START INFORMATION SHOWN

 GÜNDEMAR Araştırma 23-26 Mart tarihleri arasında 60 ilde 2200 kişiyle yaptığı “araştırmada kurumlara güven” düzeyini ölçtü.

END INFORMATION SHOWN
START INFORMATION SHOWN

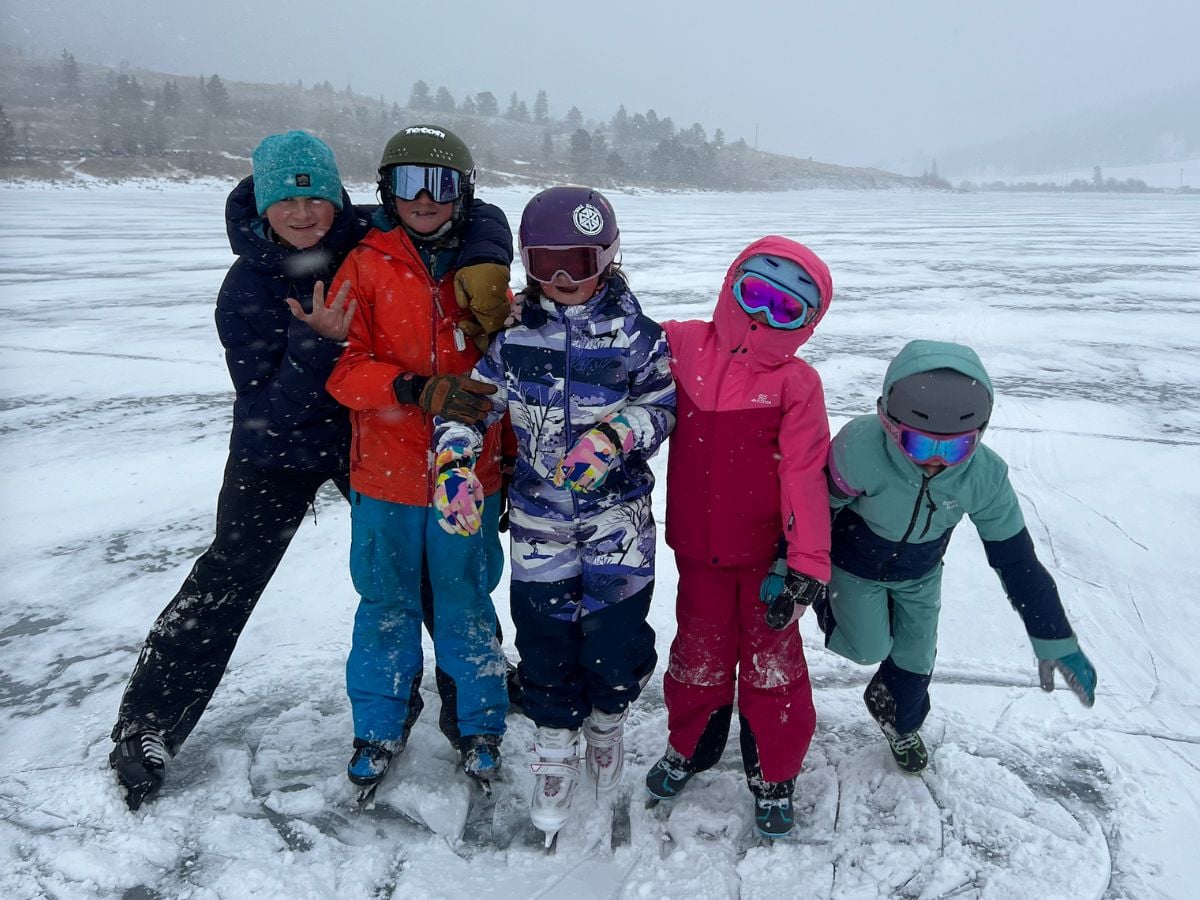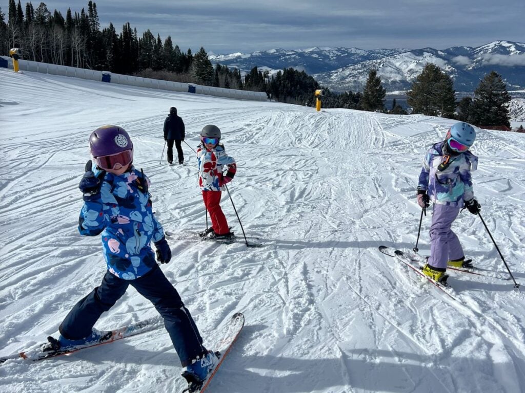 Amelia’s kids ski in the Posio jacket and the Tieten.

END INFORMATION SHOWN
START INFORMATION SHOWN

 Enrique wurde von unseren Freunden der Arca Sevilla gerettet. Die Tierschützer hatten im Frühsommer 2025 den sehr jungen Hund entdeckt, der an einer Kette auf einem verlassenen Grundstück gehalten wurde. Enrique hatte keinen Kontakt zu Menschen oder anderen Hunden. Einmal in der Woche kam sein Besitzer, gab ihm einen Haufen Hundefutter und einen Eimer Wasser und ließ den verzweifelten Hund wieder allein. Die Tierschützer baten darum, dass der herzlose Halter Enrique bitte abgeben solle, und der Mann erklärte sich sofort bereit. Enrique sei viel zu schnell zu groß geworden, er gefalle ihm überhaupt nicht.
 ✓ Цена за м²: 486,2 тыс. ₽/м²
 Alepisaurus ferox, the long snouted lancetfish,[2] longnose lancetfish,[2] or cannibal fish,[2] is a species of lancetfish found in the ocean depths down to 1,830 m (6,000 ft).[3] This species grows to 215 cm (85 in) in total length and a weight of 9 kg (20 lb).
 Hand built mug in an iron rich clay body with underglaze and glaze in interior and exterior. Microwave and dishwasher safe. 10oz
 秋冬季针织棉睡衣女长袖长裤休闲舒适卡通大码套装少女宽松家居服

END INFORMATION SHOWN

• _ABOUT THIS TASK_:
Here the job is to set down exactly the lines of the material above that fall between the one with "Hand built mug" and the one with "秋冬季针织棉睡衣女长袖长裤休闲舒适卡通大码套装少女宽松家居服", inclusive, and nothing beyond them.

• _TASK SOLUTION_:
 Hand built mug in an iron rich clay body with underglaze and glaze in interior and exterior. Microwave and dishwasher safe. 10oz
 秋冬季针织棉睡衣女长袖长裤休闲舒适卡通大码套装少女宽松家居服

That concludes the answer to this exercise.